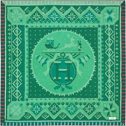 Once again, Dimitri Rybaltchenko’s imagination has transformed the Hermes Ex-Libris! This design magically metamorphoses the silk twill to look like a Jersey knit, a technique that takes its name from the largest of the Channel islands located just off Normandy’s Cotentin Peninsula. Framed by jacquard motifs evocative of ski sweaters, large and small snowflakes and borders, the harnessed horse is transformed into a bounding reindeer, the carriage into a sleigh loaded with presents, the groom into a cheery young mountain boy and the caduceus into a pair of Christmas trees. Winter is approaching – it seems to say – heralding cozy nights by the fire accompanied by the click of knitting-needles.
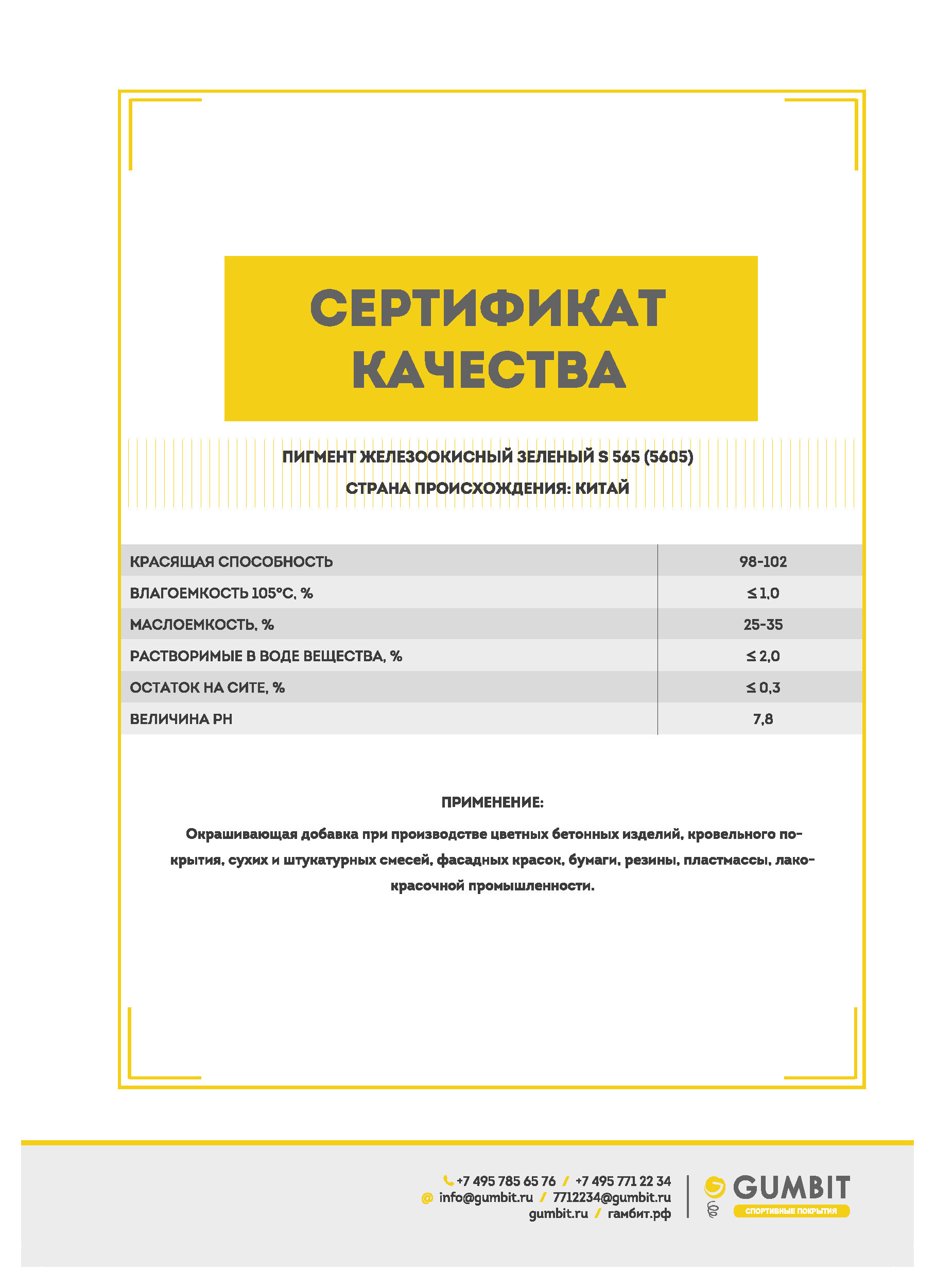 Зелёный краситель для резиновой крошки — это железоокисный пигмент, который используют для окрашивания гранулята. Он придаёт материалу яркий оттенок, который не вымывается под воздействием осадков и не тускнеет от солнечных лучей. Удобен в применении.
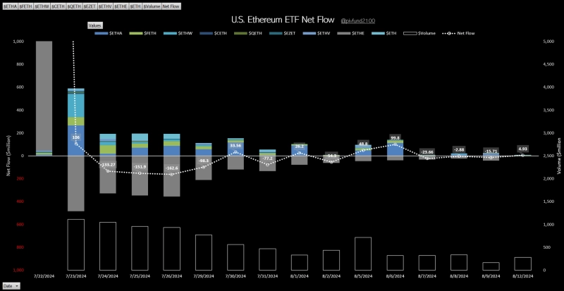 13일(현지시간) 트레이더T에 따르면 전날 이더리움 현물 ETF에 약 490만달러(한화 약 67억원)이 순유입됐다. 앞서 지난 9일 이더리움 현물 ETF는 약 1570만달러의 순유출을 기록했으나, 1거래일만에 순유입으로 전환된 모습이다.
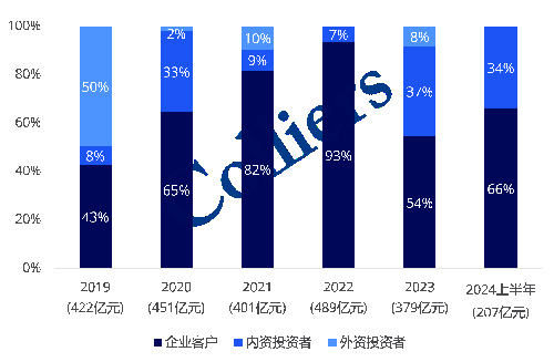 近三年外資投資活動不斷減少,2024年上半年,93%的資金來源是內(nèi)資機構(gòu)。
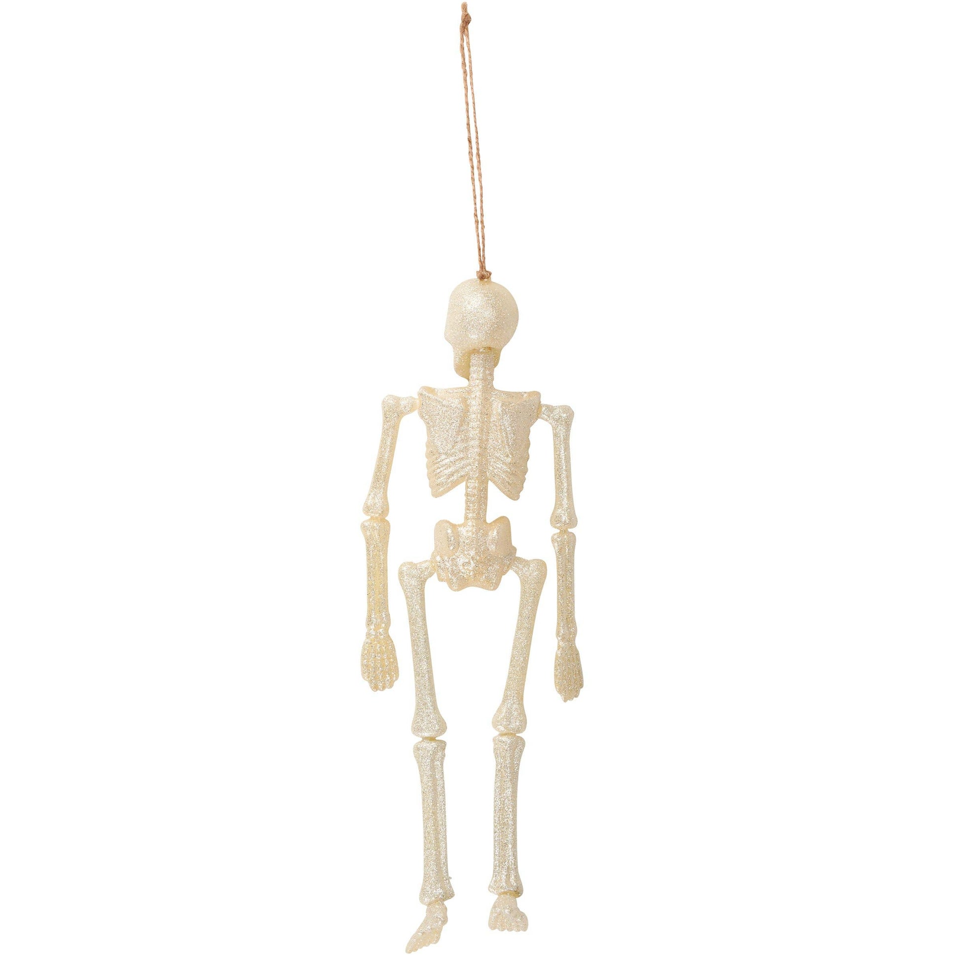 A hanging décor piece from our Halloween Collection displaying a plastic skeleton with glitter finish for added interest. Our Skeleton hanging décor is easy to hang via attached jute hanger. A fun Halloween home accent perfect for seasonal display.
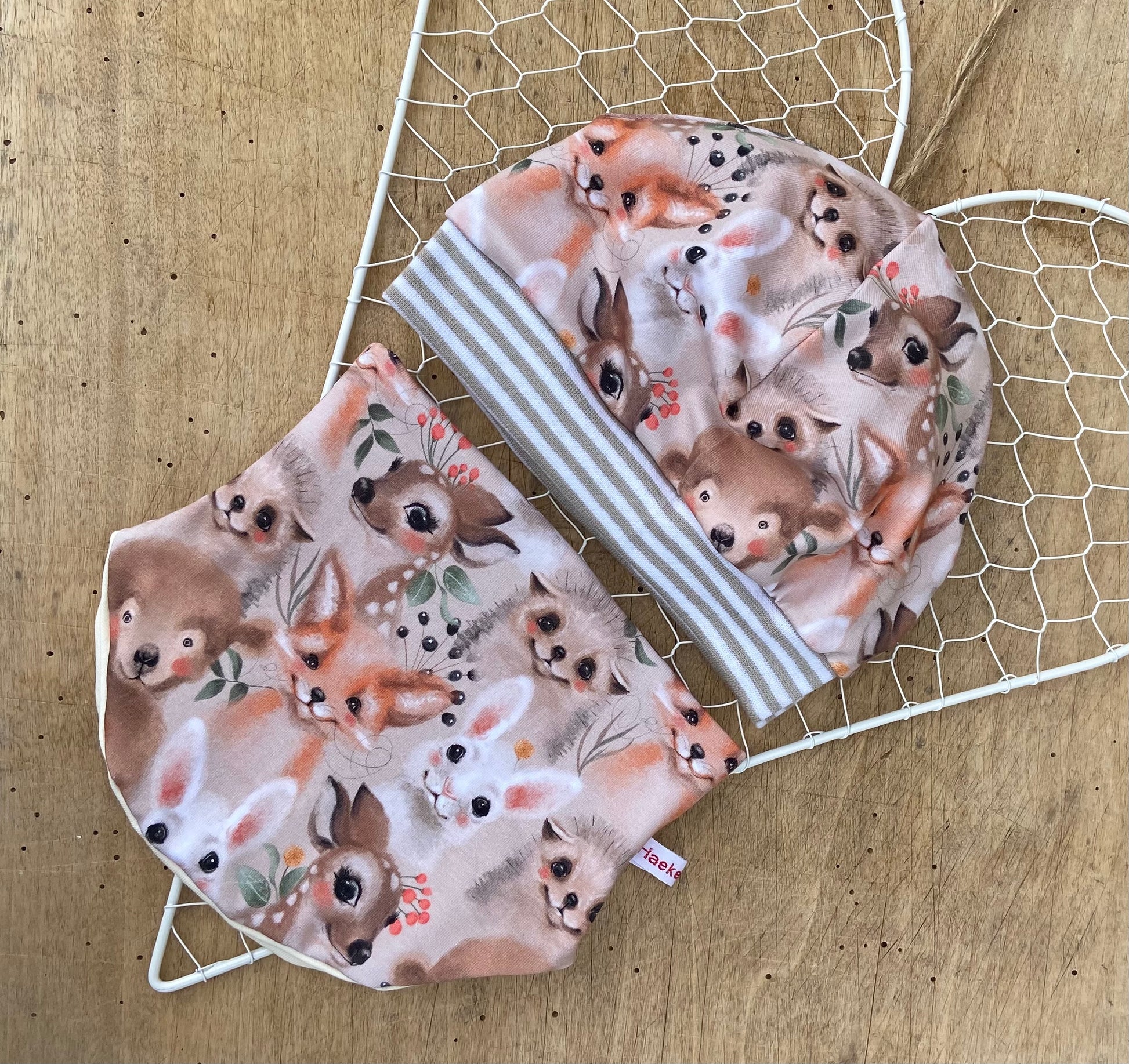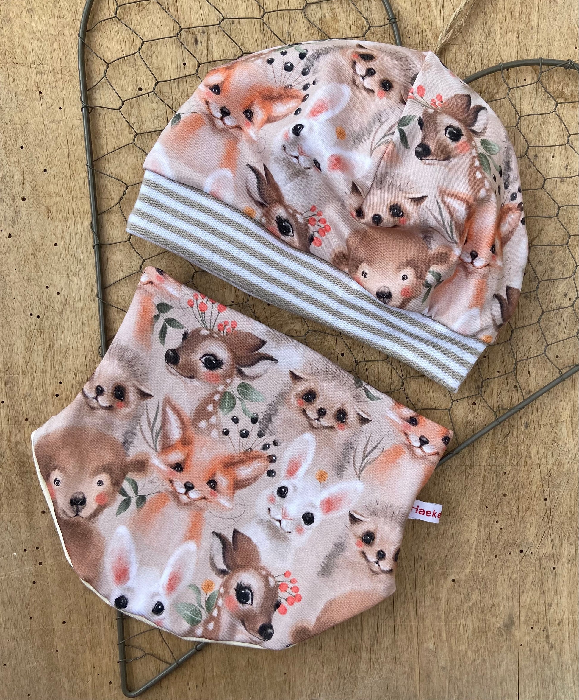 Mütze" Tiergesichter " Halssocke Kinder Beanie mit Bündchen Waldtiere Fuchs Reh beige Jersey Mädchen
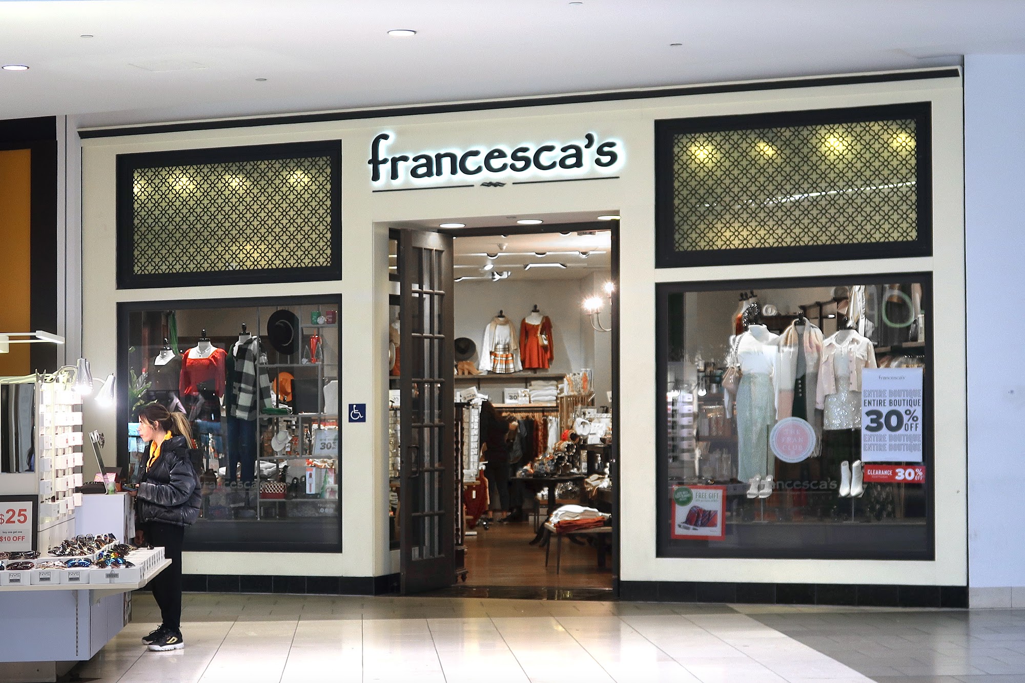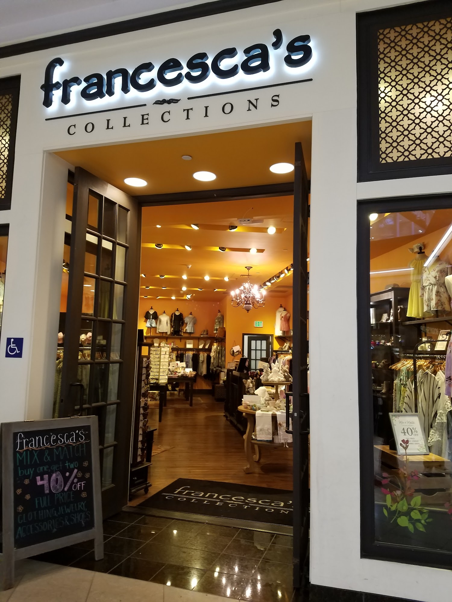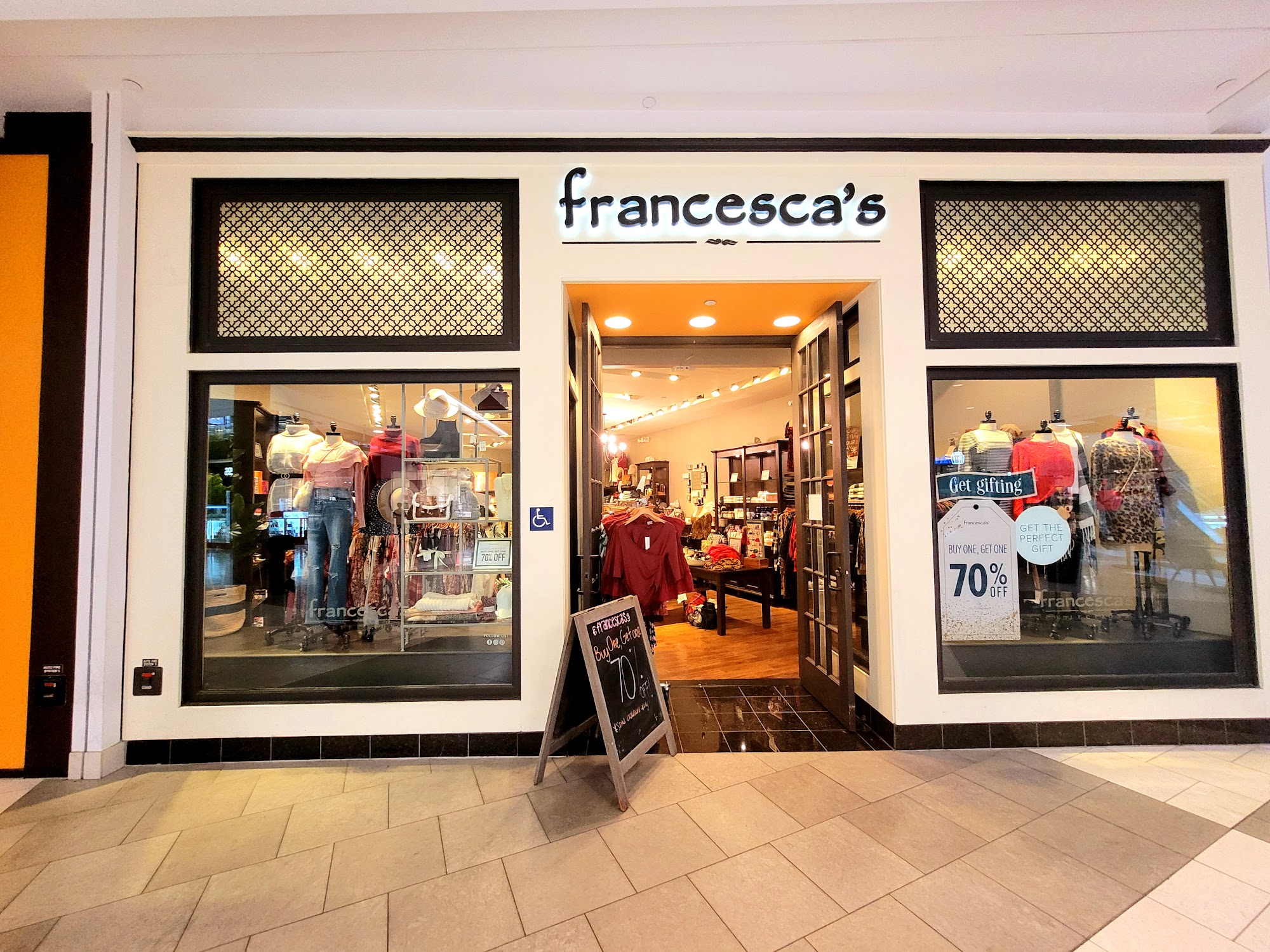 Francesca's is a charming boutique located in the Santa Anita mall, known for its beautiful dresses and trendy jewelry. Customers appreciate the aesthetic appeal of the store and the variety of stylish clothing available, perfect for gifts or personal outfits. The store offers a range of sizes from small to 3X large, though some sizes may be limited. Sales are frequent, making it easier for shoppers to find items within their budget. The staff, including helpful employees like Mia and Bellee, provide excellent customer service, enhancing the overall shopping experience. Many visitors highly recommend Francesca's for its fashionable selections and friendly atmosphere.
──────────────────────────────
▶ [Directions for this task]:
Above are records with pictures. Reproduce exactly only the lines from the line with "Зелёный краситель для" through the line with "beige Jersey Mädchen", both ends included, and leave the pictures out.

▶ [Task output]:
 Зелёный краситель для резиновой крошки — это железоокисный пигмент, который используют для окрашивания гранулята. Он придаёт материалу яркий оттенок, который не вымывается под воздействием осадков и не тускнеет от солнечных лучей. Удобен в применении.
 13일(현지시간) 트레이더T에 따르면 전날 이더리움 현물 ETF에 약 490만달러(한화 약 67억원)이 순유입됐다. 앞서 지난 9일 이더리움 현물 ETF는 약 1570만달러의 순유출을 기록했으나, 1거래일만에 순유입으로 전환된 모습이다.
 近三年外資投資活動不斷減少,2024年上半年,93%的資金來源是內(nèi)資機構(gòu)。
 A hanging décor piece from our Halloween Collection displaying a plastic skeleton with glitter finish for added interest. Our Skeleton hanging décor is easy to hang via attached jute hanger. A fun Halloween home accent perfect for seasonal display.
 Mütze" Tiergesichter " Halssocke Kinder Beanie mit Bündchen Waldtiere Fuchs Reh beige Jersey Mädchen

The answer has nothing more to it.